Two patterns avoid the moving-target problem:

  • No surrogate at all. If the forward model has a closed form (e.g. exp(-kt) for first-order decay, sin(πx)/π² for the analytical Poisson reference), plug it directly into the likelihood and let NUTS sample a fixed-target posterior over the coefficient. Hyperparameters then affect chain efficiency only, not the target. Tutorials 03 and 04 use this approach.
  • Two-stage via substeps=. When the surrogate is genuinely needed (the PDE has no tractable closed form), use jNO's substeps=[([surrogate-constraints], n_train), ([pde-constraint], 1)] with .stop_gradient on the surrogate in the PDE-residual term. Substep 0 trains the surrogate (n_train steps); substep 1 runs one NUTS proposal with the surrogate frozen. The 20:1 ratio (or higher) approximates an idealised two-stage where the surrogate fully converges before sampling. None of the tutorials in this section require this pattern (we picked problems with closed-form forward models for clarity), but the substep machinery is wired and tested for it.

How to read the chain output

For every Bayesian model the chain is on model.posterior_samples (shape (n_kept, *param_shape)). Through crux.eval([expr]), jNO auto-detects any Bayesian dependency in expr and vmap-pushes the chain through, giving you posterior predictive arrays at any spatial point. See training/bayesian.md for the full API.

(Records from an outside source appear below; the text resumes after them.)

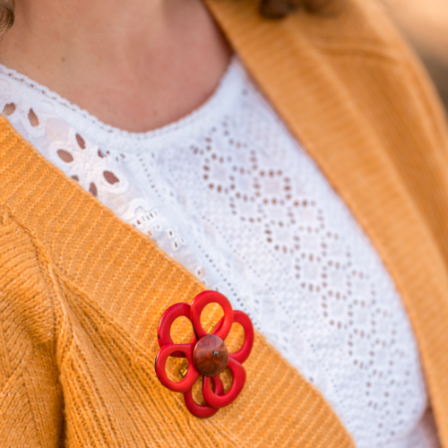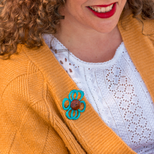 Delicate, this brooch is made with slices of tagua arranged into the form of a daisy.
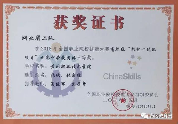 5月7日至9日,2018年全国职业院校技能大赛“机电一体化项目”、“数控机床装调与技术改造”项目在天津举行。受省教育厅委托,黄冈职院选派两支队伍代表我省参赛,并双双获奖。
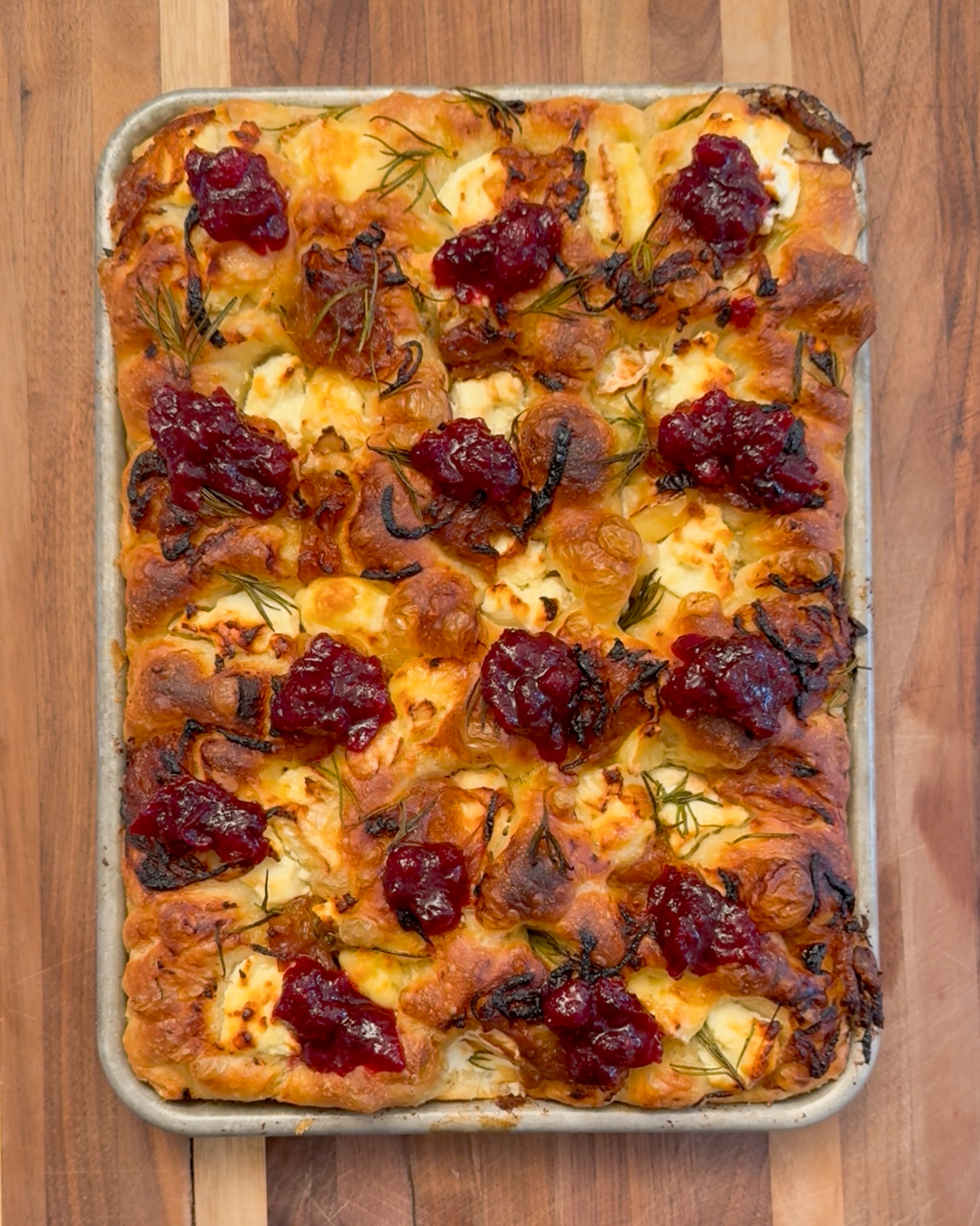 Spoon the cranberry sauce over the focaccia just before serving. Slice and enjoy warm or at room temperature.
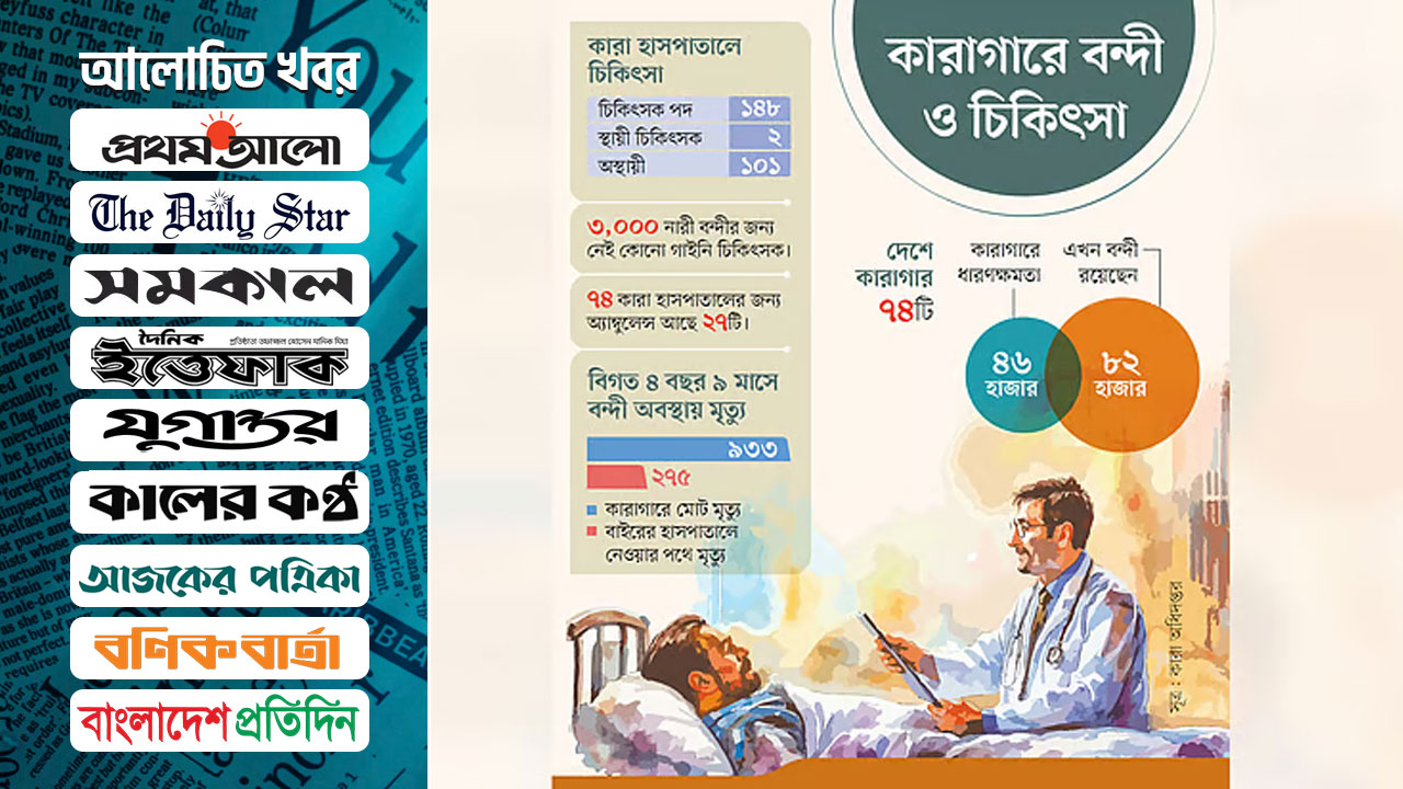 দেশের ৭৪টি কারাগারে বন্দীর সংখ্যা প্রায় ৮২ হাজার। কিন্তু তাঁদের জন্য স্থায়ী চিকিৎসক রয়েছেন মাত্র দুজন। অভিযোগ রয়েছে, চিকিৎসকের অভাবসহ নানা সংকট ও অব্যবস্থাপনায় যথাযথ চিকিৎসা পান না অসুস্থ বন্দীরা।
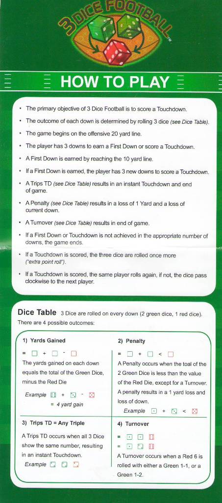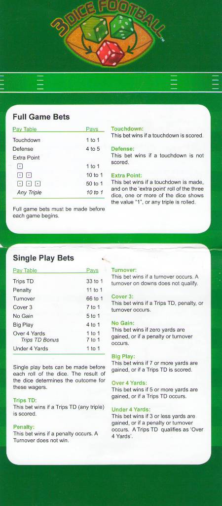 O "3 Dice Football" é um jogo novo que descobri no O'Shea's em 2 de abril de 2011. O jogo tenta simular o futebol americano usando três dados. O jogador pode apostar que uma determinada posse de bola resultará em um touchdown ou em uma perda de posse, além de várias apostas especiais em cada lançamento. É certamente um conceito novo e devo parabenizar o criador por tentar algo diferente, em vez das variantes usuais de blackjack e pôquer.Regras
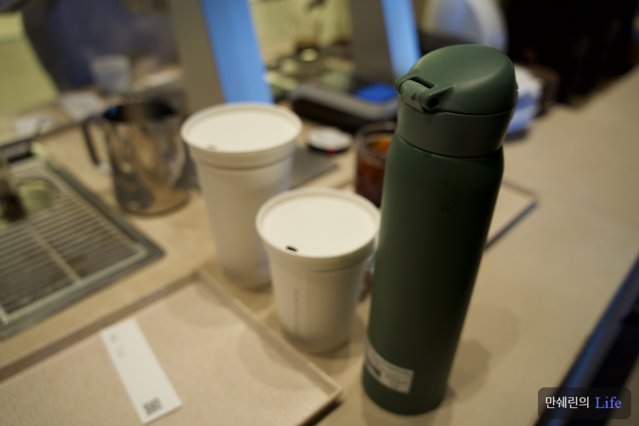 저는 텀블러에, 유은호 님 L SONG님은 일회용 컵에 커피를 받으셨습니다.
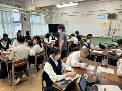 放課後の生徒議会で、各学級から持ち寄った「いじめ撲滅宣言」をもとに、

A "good" B-PINN result looks like:

  1. Posterior mean close to truth. How close depends on noise level, chain length, and (for mixed-mode runs) how well the optax surrogate converges before sampling starts.
  2. Truth inside the credible interval. If truth lies outside the 90 % CI, the posterior is mis-calibrated — usually a sign that the step size is too large or the warmup too short.
  3. CI width that's neither zero nor enormous. Zero width means the chain hasn't mixed; very wide intervals mean the data + physics don't pin down the parameter (an honest answer for some inverse problems!).

References

  • Yang, L., Meng, X., & Karniadakis, G. E. (2021). B-PINNs: Bayesian physics-informed neural networks for forward and inverse PDE problems with noisy data. Journal of Computational Physics, 425, 109913.
  • Linka, K., Schäfer, A., Meng, X., Zou, Z., Karniadakis, G. E., & Kuhl, E. (2022). Bayesian Physics-Informed Neural Networks for real-world nonlinear dynamical systems. Computer Methods in Applied Mechanics and Engineering, 402, 115346.
  • Hoffman, M. D., & Gelman, A. (2014). The No-U-Turn Sampler. Journal of Machine Learning Research, 15(1), 1593-1623.
  • Welling, M., & Teh, Y. W. (2011). Bayesian Learning via Stochastic Gradient Langevin Dynamics. ICML 2011, 681-688.